Posts with «vfd» label

VFD Character Display Turned Into Audio VU Meter

Humans love visualising music, whether it’s in the form of an inscrutable equation drawing squiggles in Winamp, or a simple VU meter pulsing with the beat. This build from [mircemk] is of the latter variety, repurposing a VFD display to do the job.

The project is built around a VFM202MDA vacuum fluorescent display, which provides that lovely green-blue glow we all know and love, driven by a PT6314 driver chip. This has the benefit that it can be readily driven by a microcontroller in much the same way as the familiar HD44780 character LCD driver chip. With some minor tweaks, the character set can be modified to allow the display to become a surprisingly-responsive VU meter.

An Arduino Nano runs the show, with an envelope follower circuit feeding a signal for the left and right channels into the analog inputs of the microcontroller. The Arduino then measures the voltage on those inputs and feeds the necessary commands to the PT6314 driver to update the display.

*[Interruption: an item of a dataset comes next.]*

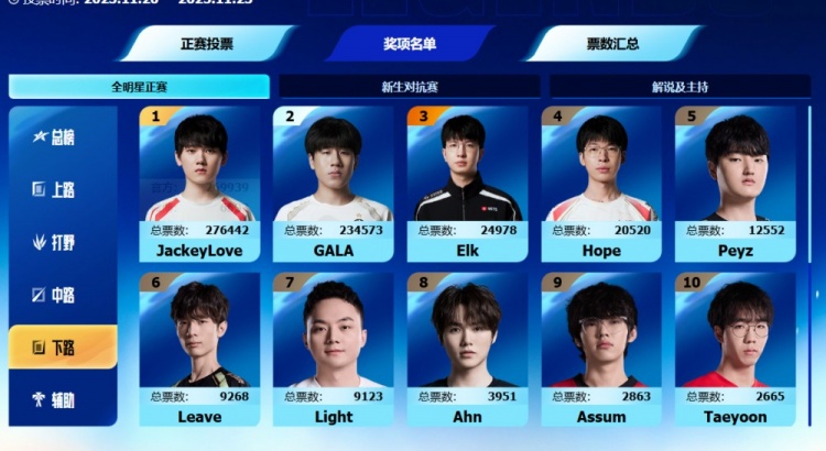 LPL全明星下路票榜:哥哥27万 GALA票数23万 第三名Elk仅2.4万票

The resulting VU meter has 38 bars per channel, and is highly responsive. The fast flickering of the meter bars in response to the music make it compelling to watch, and the era-appropriate enclosure the project is built in adds plenty to the aesthetic.

We’ve seen other VU meter builds before too, like this one that uses a little physics knowledge to create a more realistic analog-like needle meter. Video after the break.

 

Using Arduinos To Drive Undocumented Displays

For those of us old enough to remember the VCR (and the difficulty of programming one), the ubiquitous vacuum fluorescent display, or VFD, is burned into our memories, mostly because of their brightness and contrast when compared to the superficially-similar LCD. These displays are incredibly common even apart from VCRs, though, and it’s easy to find them for next to no cost, but figuring out how to drive one if you just pulled it out of a 30-year-old VCR is going to take some effort. In this build, [mircemk] shows us how he drives unknown VFD displays using an Arduino in order to build his own weather forecasting station.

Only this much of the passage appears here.